Smith was a lifelong walker in woods and fields (and, thankfully for the rest of us, a "lifelong writer-downer"), tracking through wooded hills and mountains of Pennsylvania for most of his life, in all seasons and weathers, carrying a battered notebook and a camera and noting the comings and goings, the tracks and passages of the multitude of living creatures he encounters - or just misses encountering:
February 7: A rabbit that hangs out on the edge of a neighborhood woods left an easily read account of last night's activities inscribed in the snow. Near the fencerow he had bitten off a number of greenbriar vines and eaten large portions of each. The mark of where he had been sitting, and the vines bobbing as he nibbled, left an arc of gashes in the snow. The tendrils and formidable thorns had been neatly nipped off, and lay scattered about on the snow.

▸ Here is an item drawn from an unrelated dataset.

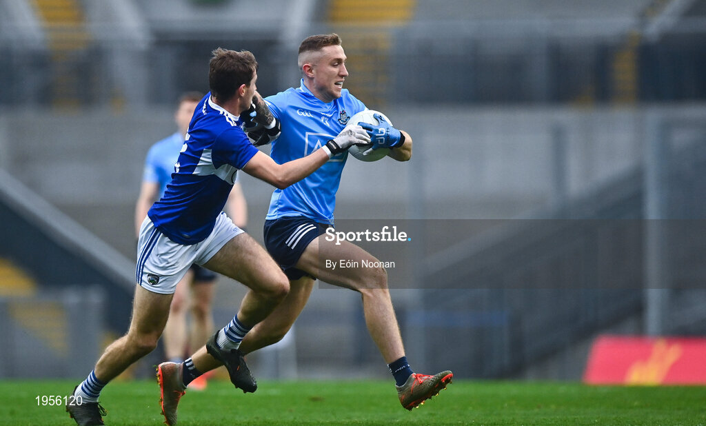 15 November 2020; Paddy Small of Dublin in action against Trevor Collins of Laois during the Leinster GAA Football Senior Championship Semi-Final match between Dublin and Laois at Croke Park in Dublin. Photo by Eóin Noonan/Sportsfile

That quiet gift for detailed observation runs through this entire book - Gone for the Day easily accomplishes what all the best books of nature-writing do: it puts the reader right there in the woods (or swamps, or arctic wastes, or what have you) with our guide, seeing what he sees:
February 6 [the following year]: Red squirrels are natural-born clowns, and when they don't know they are being observed they are absolutely hilarious. This afternoon I watched the antics of three of them from a blind at the feeder. Where they came from, I don't know, but they exploded onto the scene like a troupe of vaudeville acrobats. It was impossible to be sure who was chasing whom as they streaked over fallen logs, up and down trees, and over the snow in blurry, intertwining circles. Occasionally they tangled, squealing and churring in real or simulated anger, then they broke apart, only to resume the dizzy chase.
(There's even a winning quality of innocence, as that last quote makes abundantly clear: as should be obvious to any less cheery observer, those squirrels weren't happily clowning around with each other right there on the doorstep of the breeding season - they were ruthlessly trying to bite each other's balls of and then rip each other's throats out)
Smith has that wonderful facility for disappearing, melting into the scenery so thoroughly that time and again he catches animals just being themselves, totally unaware that they're being watched. The animals almost always sense him eventually and then do their own disappearing acts, but before they do, we get many marvellous glimpses from the Pennsylvania woods and meadows and stream banks:
March 14 - A muskrat feeding on the roots of some unidentified weeds from the breast of our dam proved to be a surprisingly fastidious diner. Each time he dug up a root he carried it to the water three feet beneath him, where he carefully washed and ate it. Climbing back up the steep earthen breast he then dug up another and repeated the entire process. Not before he had laboriously washed and eaten half a dozen roots did he notice me sitting on the far bank observing his table manners. Without an upward glance he plunged off the bank and into the water like an overgrown frog.
And the book tries for more than such camera-glimpses - and it very often succeeds. Like most people who consciously make roaming around in nature a part of their days, Smith quickly came to appreciate and gently preach the restorative powers of spending time with animals in their world. Even after fifty years, Gone for the Day still breathes that restorative power - it's the next best thing to going out wandering yourself. It might prove a bit tough to find a copy, but I urge you to try: this is a nature book to keep and re-read for the rest of your life.
2 comments:
Ooh, lots of copies available through addall.com. I think that's looking like a click for me -- reminds me of the kinds of books I'd find as a kid (and devour) in places we stayed for the summer, vaguely nostalgic and mossy. Thanks, Steve.
All right, got myself a copy -- it's beautiful! Thanks for the lead.